Alas, kinda true. But, then, so were the guys I used to play D&D with! The strip was ugly in that way, because it so accurately reflected the real world.
Wormy, of course, is my fave. Great art, and a very nice set of jokes, stretched out into an attempt at telling a story. It never actually gelled into a real plot. It was just a bunch of plot-lets trying to be coherent, and failing.
Still, that one splash scene where the wizard riding the shadowcat burst through the shell of reality and entered the meld between the bubble-universes – whoa! That was a scene for the ages!

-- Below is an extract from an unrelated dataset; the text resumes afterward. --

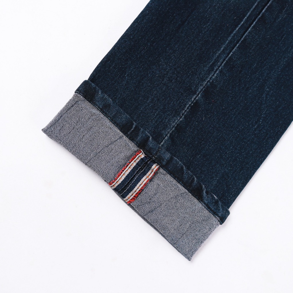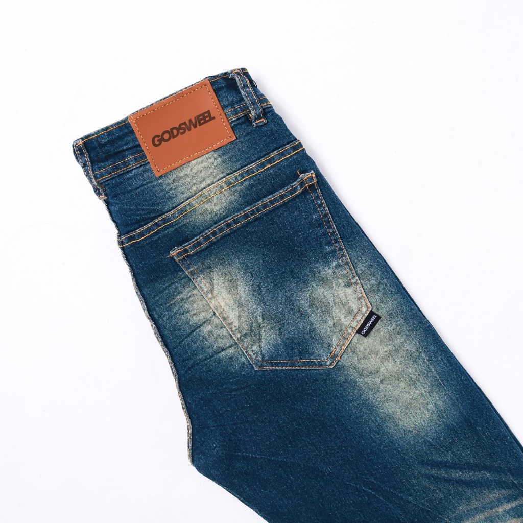GodsWeel Celana Jeans Reguler Pria Standar Panjang Stretch Meral Aksen Selvedge Biotink

“Haroog, Floyd, bring me a beer!”
Nodwick was also a lot of fun. I could die happy if I ever came up with a character name as clever as “Piffany.” She was the very embodiment of “Lawful Annoying.” The fact that she was completely blind to the shenanigans of Yeagar and Artax makes her seem a little hypocritical. But, ya know, What The Krutz.
Just to blow my own horn, I had a single-frame cartoon published in Dragon Magazine. It’s “The Charisma Role,” where the guy is thinking about movie stars – Donald Sutherland, Robert Redford, Peter O’Toole – and the dice are thinking, “Ernest Borgnine.”
(Yes, I know, Ernest Borgnine had tons of real charisma. In D&D, it’s a substitute for physical beauty, and that, the poor bloke had none whatever.)
(And, yes, I know, I’m not quoting the cartoon caption accurately. I don’t have a copy to hand, and it’s been a long time. Sheesh.)